Problem description → Write the data out again, character for character, with no images.
Dataset records below:
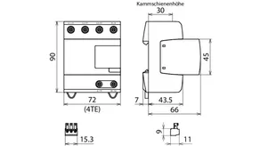 Modular combined lightning current and surge arrester for TT and TN-S systems (3+1 configuration).
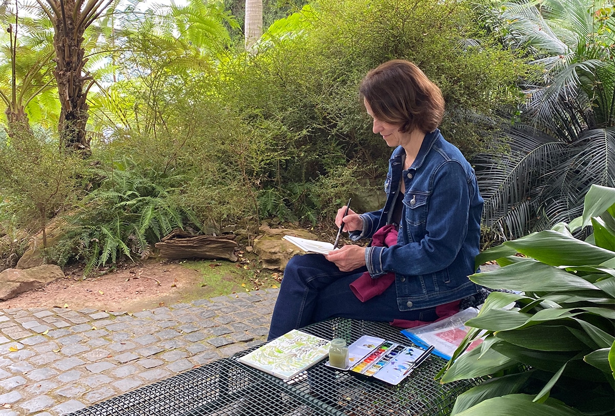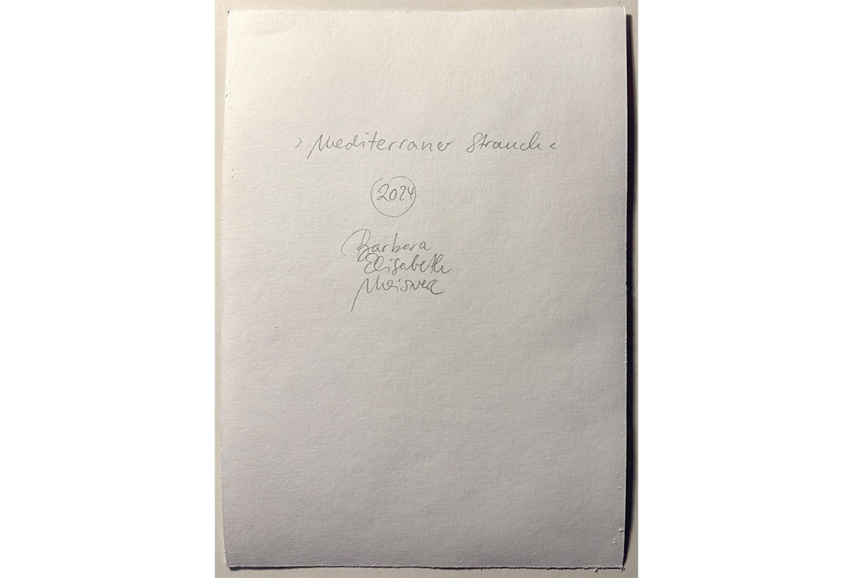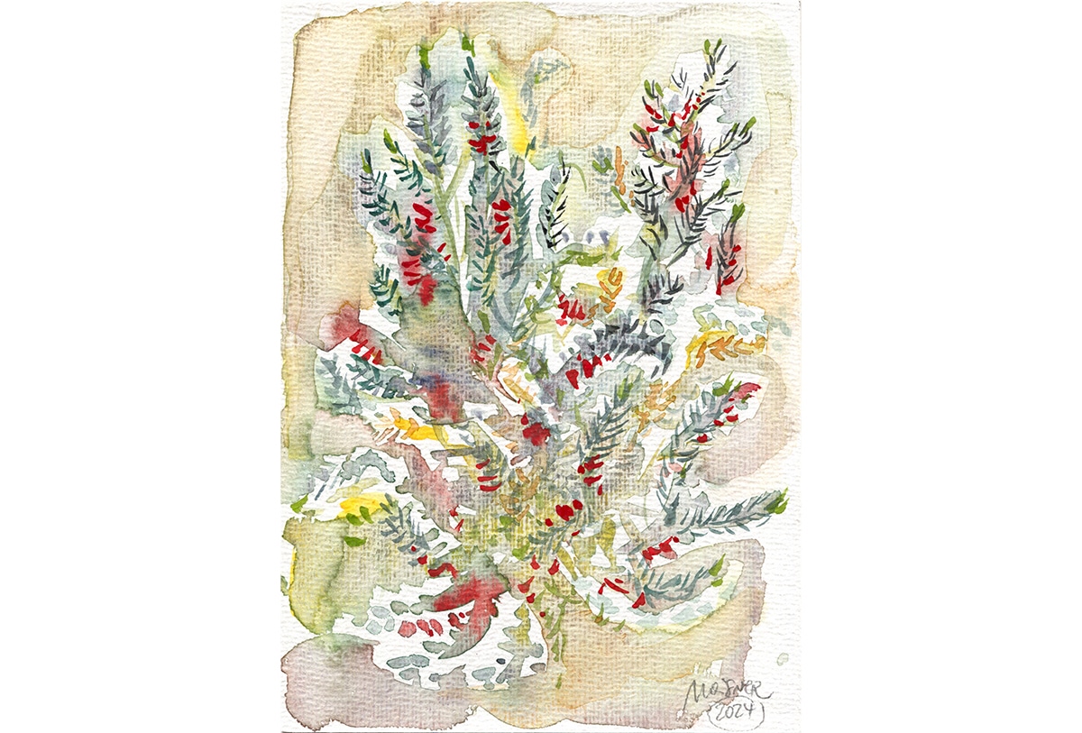 In dieser Kuppel saß ich also und aquarellierte wunderschöne Pflanzen. Malen ist für mich eine langsame, achtsame Annäherung an das Leben. Stille ‚Gespräche‘ mit der Natur sind immer heilsam. Immer! Mein Aquarell MEDITERRANER STRAUCH (Botanischer Garten Düsseldorf) ist für mich wie eine kleine musikalische Komposition und zeigt das rhythmische, strukturierte Wachstum dieser Pflanze.
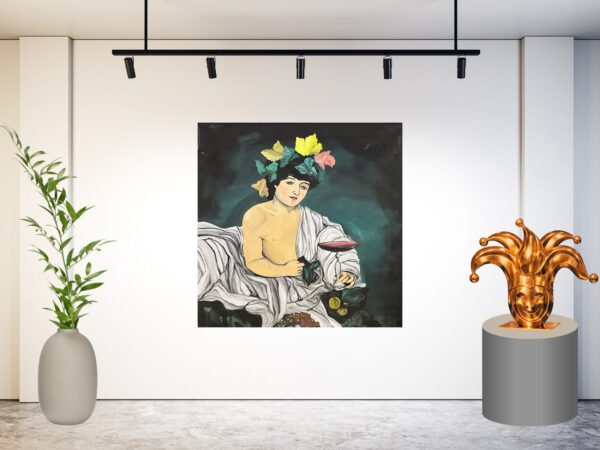 De rijke kleuren, vloeiende stoffen en expressieve houdingen doen denken aan mythologische of historische taferelen. Het schilderij straalt kracht, mystiek en verfijning uit en trekt direct de aandacht.
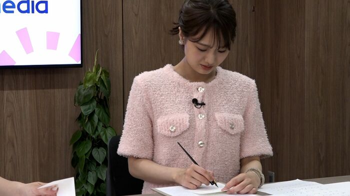 気合を入れ、途中までうまく書けていましが、夢中になりすぎて、また呼吸を忘れる井上アナ。
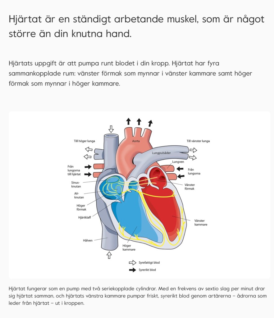 Det fysiska hjärtat i vår kropp, lite till vänster bakom den vänstra revbensraden:
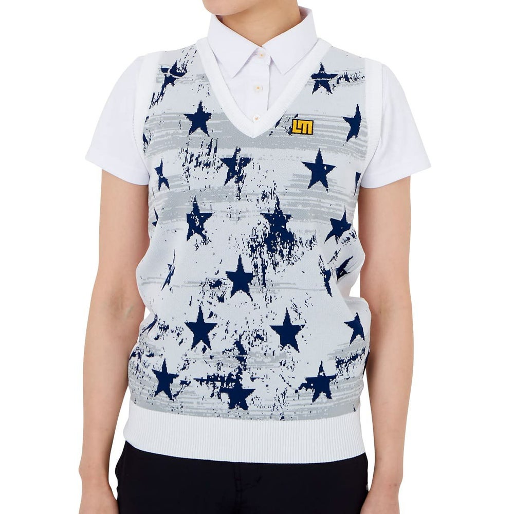 レディース 星柄ニットベスト ホワイト
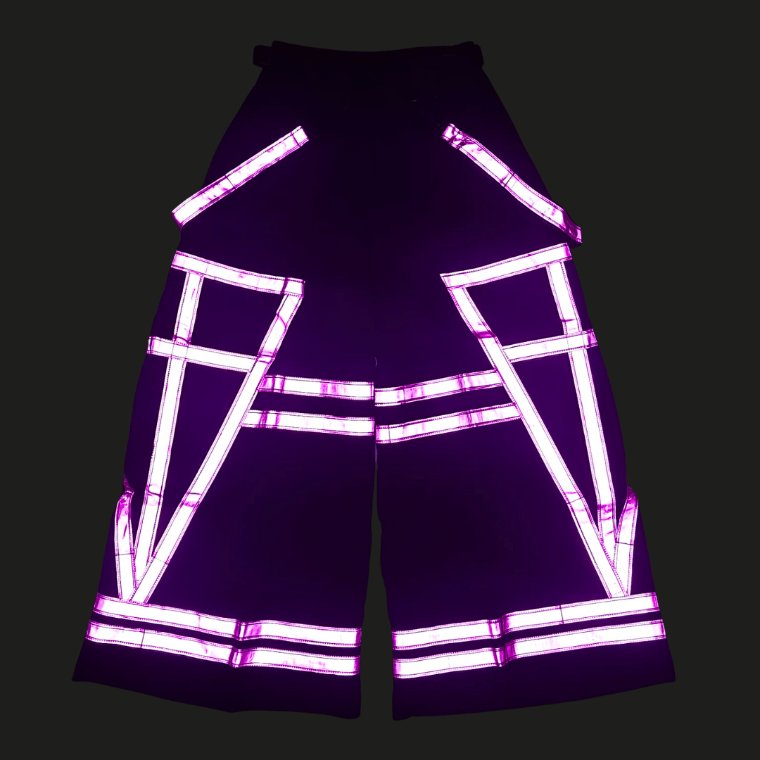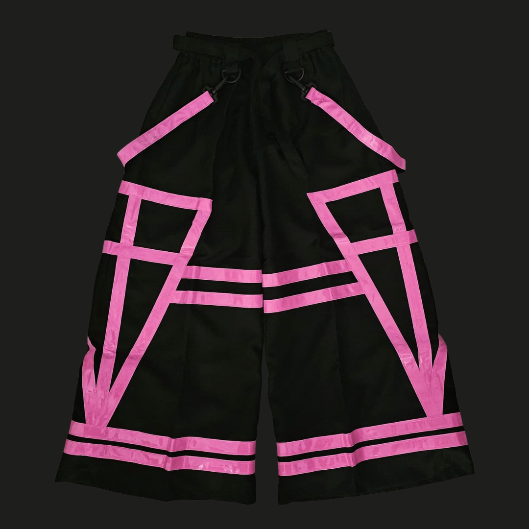 With the explosive resurgence of the Melbourne Shuffle, we had to bring Phat Pants back - reborn from the heart of Aussie rave history. Featuring exaggerated flares, vibrant reflective panels and bold suspenders - these are the iconic shuffle pants you've seen in every Melbourne Shuffle compilation. Every kick, spin, and slide becomes a visual assault, amplified under lasers and strobes. Join the revolution, embrace the nostalgia and own the dancefloor at your next rave or festival.
End of Dataset records.
Output for this task →
 Modular combined lightning current and surge arrester for TT and TN-S systems (3+1 configuration).
 In dieser Kuppel saß ich also und aquarellierte wunderschöne Pflanzen. Malen ist für mich eine langsame, achtsame Annäherung an das Leben. Stille ‚Gespräche‘ mit der Natur sind immer heilsam. Immer! Mein Aquarell MEDITERRANER STRAUCH (Botanischer Garten Düsseldorf) ist für mich wie eine kleine musikalische Komposition und zeigt das rhythmische, strukturierte Wachstum dieser Pflanze.
 De rijke kleuren, vloeiende stoffen en expressieve houdingen doen denken aan mythologische of historische taferelen. Het schilderij straalt kracht, mystiek en verfijning uit en trekt direct de aandacht.
 気合を入れ、途中までうまく書けていましが、夢中になりすぎて、また呼吸を忘れる井上アナ。
 Det fysiska hjärtat i vår kropp, lite till vänster bakom den vänstra revbensraden:
 レディース 星柄ニットベスト ホワイト
 With the explosive resurgence of the Melbourne Shuffle, we had to bring Phat Pants back - reborn from the heart of Aussie rave history. Featuring exaggerated flares, vibrant reflective panels and bold suspenders - these are the iconic shuffle pants you've seen in every Melbourne Shuffle compilation. Every kick, spin, and slide becomes a visual assault, amplified under lasers and strobes. Join the revolution, embrace the nostalgia and own the dancefloor at your next rave or festival.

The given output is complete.